The Nand2Tetris part I at coursera is very much my first completed course. It was so fun to actually work through the material and it feels amazing to know how simple it is to actually build a computer from scratch. While it is simple, it doesn’t mean the course itself is easy though. I was struggling to get the CPU wired up properly that I spent two to three days just to get it working.
I don’t quite remember when was the first time hearing about the course but I always find it fascinating. So I was quite surprised to see it available on coursera in April, and quickly subscribed to the course. Fast forward to today, I have completed the course for part I and can’t wait for the second part of the course involving the writing of OS, Compiler and actual program.
Considering I am asked to not publish my work (still thinking whether I should publish them to github), I would just briefly talk about the course.
In Week 1 we were asked to implement some chips by using just NAND chips. Practically all chips are possible with just AND, OR, NOT gates, however for some reason having NAND is enough. One of the reasons seems to be it is possible to construct AND, OR, and NOT gates using just combinations of NAND gates.
The first time I was exposed to logic gates was during my high school physics class, however we didn’t really do much with them. Then it was revisited in my discrete mathematics in college. While I probably lost a fair amount of hair when solving boolean logic questions, the fun actually made the thing worthwhile. Little did I know, all this are important not only while writing codes, but also building a computer.
With the basic chips implemented, in week 2 we proceeded with implementing chips that does actual arithmetic calculations, namely the adders and ALU. Completing the ALU does made me felt like a wizard as things just work. While I probably can’t see how to use the ALU properly to do simple arithmetic operations, but knowing it is possible is already enough to blow my mind.
In the third week, the passage of time came into play. So as the concept of time being introduced, we are required to build chips that has the ability to store state, or hold value for a given time.
Then the course continued with week 4, which is the introduction to assembly language for the particular CPU that we were about to build in the following week. I am fine with the structure of the course, although normally one would probably expect to actually build the CPU before starting to learn about the assembly. Anyway, in this week, we were taught how to write assembly for the computer named “Hack”, and due to the nature of this course, it is very much functional though the simplistic design.

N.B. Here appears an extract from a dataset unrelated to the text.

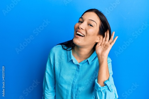 Young latin woman wearing casual clothes smiling with hand over ear listening and hearing to rumor or gossip. deafness concept.

I had no prior experience in writing low-level code, so this was an eye-opening experience. I didn’t really spent much time in it (only made sure the code passed the tests), as working at such level is really a pain. A simple statement in “modern” high level languages might actually take two or more lines in assembly (and in turns, machine language).
Then it came the most difficult part of the course in week 5 (IMO), where we were asked to implement the CPU. Though a partial design is given, implementing it properly still took me quite a few days. I was stuck mainly at the wiring of ALU as I failed to see the relationship between the c-bits and the various operations the ALU supplies. The other part that is tough, is about wiring the Program Counter properly for it to correctly output the address of next statement. After numerous failures, it finally passed the unit tests at coursera.
I can’t thank enough to the kind folks at the course forum.
Speaking of this, there are quite a number of things that I don’t quite understand. My chips seem to work fine, but sometimes, running the unit tests locally through the supplied tools would fail. Especially when keyboard input is involved. However, uploading the same piece of work over to coursera returns full pass.
Next comes week 6, where we were asked to build an assembler, that translate assembly to actual binary machine code. I intend to run it in browser, so I wrote it in javascript. I cheated a little bit and did not follow the contract fully, as I didn’t make the script to read/write files. However, the core functionality is there, which is to convert assembly to machine language.
The current revision of the code is horribly written, and isn’t unit-tested (and I probably won’t be going that route anyway). Another part that could be done properly is the parsing part, where I really should be using some tokenization library or some sort (only included underscore, jQuery and sprintf libraries). However, as the language itself is very simplified, so I used regular expression instead to read the statements (evil, I know). I will probably spend some time polishing the code (the function naming is really, really bad) and publish them when the course is officially ended.
Overall, it was really an amazing ride, I enjoy it very much and would recommend everyone to register the course in future. The other option, is to grab a copy of the textbook, and the material from the official website to start now.